Soft robotics aims at creating safer, more adaptable and cheaper robots.
Because they are designed differently, soft robots do not aim at solving the same issues as traditional robots.
Traditional robots usually operate in factories and perform highly repetitive tasks. For example, in a factory lifting and assembling a car frame.
Soft robotics rather aim at bringing robotics closer to our everyday life and to solve problems that previously could not be addressed by robotics.
Our environment is filled with soft devices. The clothes & shoes you wear, the mattress you sleep on, the chair you sit on or the bag you carry.
All these things are soft precisely because our bodies are relatively soft as well. Sleeping on a hard floor is uncomfortable.

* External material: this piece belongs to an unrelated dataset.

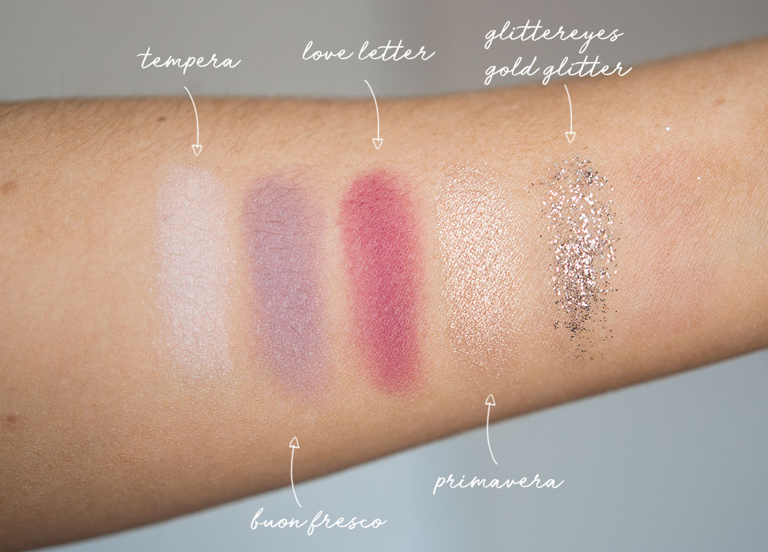 On my eyes, the palette I went for is the Anastasia Beverly Hills Modern Renaissance, which I’m sure most people own. If not you need it because it’s beauuuuutiful! To start off with, I used the shade ‘Tempera’ to highlight my brow bone which is a beautiful frosty white that gives just the right amount of glow. In the crease and under the lower lash line, I used the shade ‘Buon Fresco’ with a fluffy crease brush. I then applied the shade ‘Love Letter’ in my outer V area as well as in the inner corner of my lid. I also took ‘Love Letter’ under my lower lash line just to bring it together with my outer V. I was then left with the centre of my lid to fill and I applied the shade ‘Primavera’ all over it which is one of my favourite shades to use for a lil pop of colour!

Wearing a medieval plated armor is also probably both unpractical and uncomfortable.
A good example of where soft robotics is relevant is when someone is wearing an exoskeleton. Indeed, wearing an exoskeleton is akin to wearing a robot. However, if this exoskeleton was solely made of metal, it would also be heavy, uncomfortable and probably quite dangerous.
It follows then that exoskeletons are an application where soft robotics is relevant.
Other relevant applications encompass healthcare and personal assistance, where robots are in close contact with humans, and dexterous manipulation, where robots may have to grab various objects without breaking them or letting them fall.
There are, however, numerous challenges before soft robotics is ubiquitous.
One of them is creating soft actuators. We know how to manufacture actuators and motors out of hard materials. However, these technologies are largely not applicable to soft materials.
This proposal's main goals were i) to design a new soft actuator boasting improved performances, and ii) to use this actuator in a soft wearable exoskeleton used to transmit tactile information.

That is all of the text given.